TASK INSTRUCTIONS: Print the lines below from the line with "Biblical Foundations Book" to the line with "[인터뷰] 2012 이규원 장학금 수상자" exactly, keeping both ends, and print no pictures.

AVAILABLE DATA:
• • •
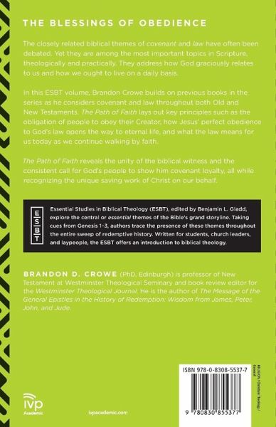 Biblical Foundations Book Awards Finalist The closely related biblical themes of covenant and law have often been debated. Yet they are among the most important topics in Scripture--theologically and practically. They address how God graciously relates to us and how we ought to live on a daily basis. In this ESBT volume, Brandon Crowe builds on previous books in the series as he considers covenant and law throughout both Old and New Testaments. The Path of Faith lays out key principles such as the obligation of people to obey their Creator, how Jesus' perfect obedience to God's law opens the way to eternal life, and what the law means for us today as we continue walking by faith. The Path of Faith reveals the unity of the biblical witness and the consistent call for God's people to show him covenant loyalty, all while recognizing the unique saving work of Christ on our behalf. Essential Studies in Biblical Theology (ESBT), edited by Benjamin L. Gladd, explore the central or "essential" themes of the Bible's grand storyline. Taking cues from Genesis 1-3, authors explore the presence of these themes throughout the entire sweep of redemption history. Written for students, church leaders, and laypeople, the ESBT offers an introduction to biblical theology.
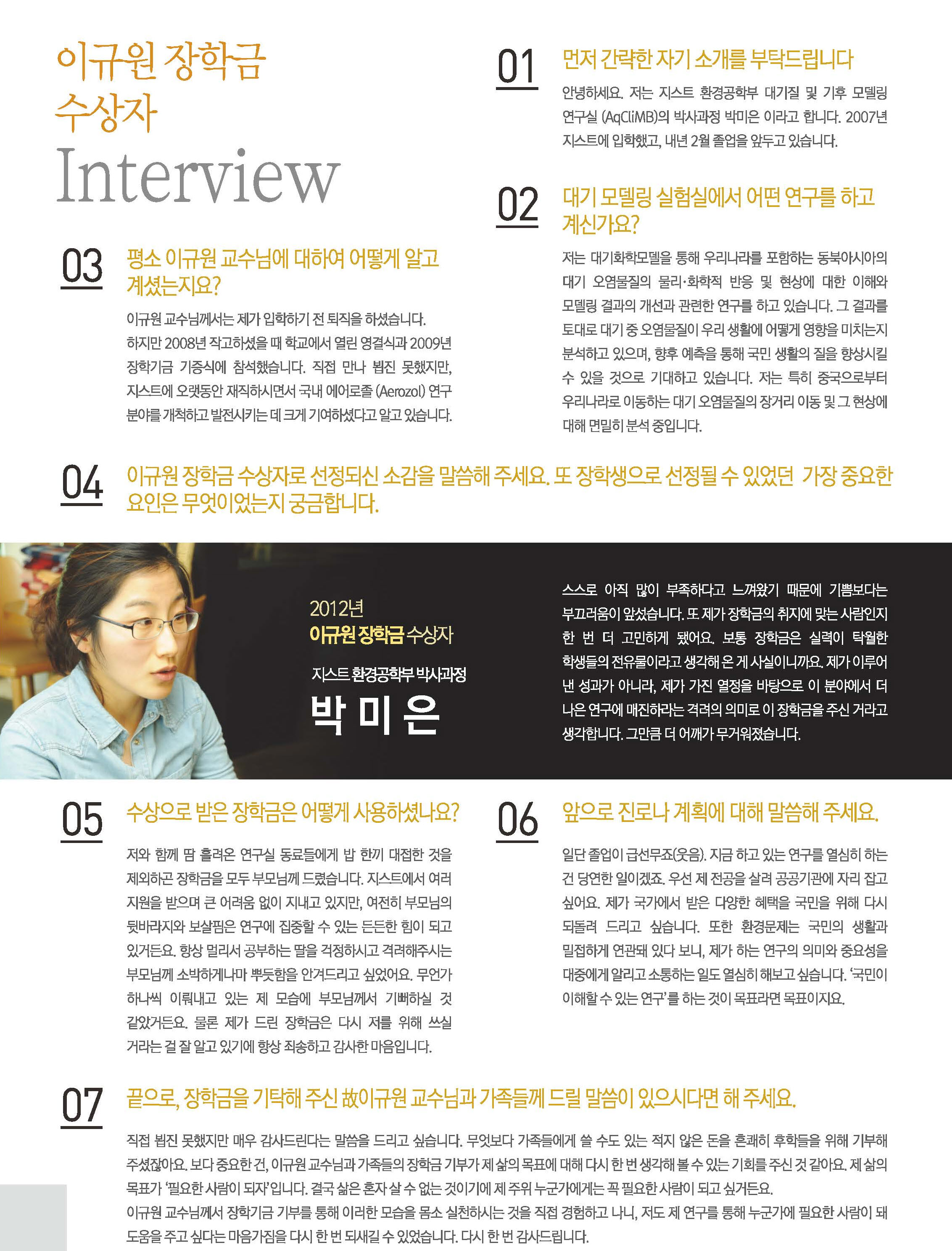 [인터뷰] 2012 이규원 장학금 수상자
• • •
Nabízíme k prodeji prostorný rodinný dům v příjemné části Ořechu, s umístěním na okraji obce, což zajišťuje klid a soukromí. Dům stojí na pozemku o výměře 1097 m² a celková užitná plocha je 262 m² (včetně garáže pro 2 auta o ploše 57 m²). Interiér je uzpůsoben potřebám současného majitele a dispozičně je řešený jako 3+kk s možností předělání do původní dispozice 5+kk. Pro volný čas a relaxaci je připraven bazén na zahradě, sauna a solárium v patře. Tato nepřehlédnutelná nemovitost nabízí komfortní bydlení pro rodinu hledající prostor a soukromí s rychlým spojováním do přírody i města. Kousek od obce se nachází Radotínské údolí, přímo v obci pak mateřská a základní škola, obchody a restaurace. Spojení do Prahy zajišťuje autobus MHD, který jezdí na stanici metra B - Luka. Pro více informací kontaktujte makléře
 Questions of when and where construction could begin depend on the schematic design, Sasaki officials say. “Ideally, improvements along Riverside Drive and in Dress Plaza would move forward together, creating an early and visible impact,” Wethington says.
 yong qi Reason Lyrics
• • •
EXPECTED ANSWER:
 Biblical Foundations Book Awards Finalist The closely related biblical themes of covenant and law have often been debated. Yet they are among the most important topics in Scripture--theologically and practically. They address how God graciously relates to us and how we ought to live on a daily basis. In this ESBT volume, Brandon Crowe builds on previous books in the series as he considers covenant and law throughout both Old and New Testaments. The Path of Faith lays out key principles such as the obligation of people to obey their Creator, how Jesus' perfect obedience to God's law opens the way to eternal life, and what the law means for us today as we continue walking by faith. The Path of Faith reveals the unity of the biblical witness and the consistent call for God's people to show him covenant loyalty, all while recognizing the unique saving work of Christ on our behalf. Essential Studies in Biblical Theology (ESBT), edited by Benjamin L. Gladd, explore the central or "essential" themes of the Bible's grand storyline. Taking cues from Genesis 1-3, authors explore the presence of these themes throughout the entire sweep of redemption history. Written for students, church leaders, and laypeople, the ESBT offers an introduction to biblical theology.
 [인터뷰] 2012 이규원 장학금 수상자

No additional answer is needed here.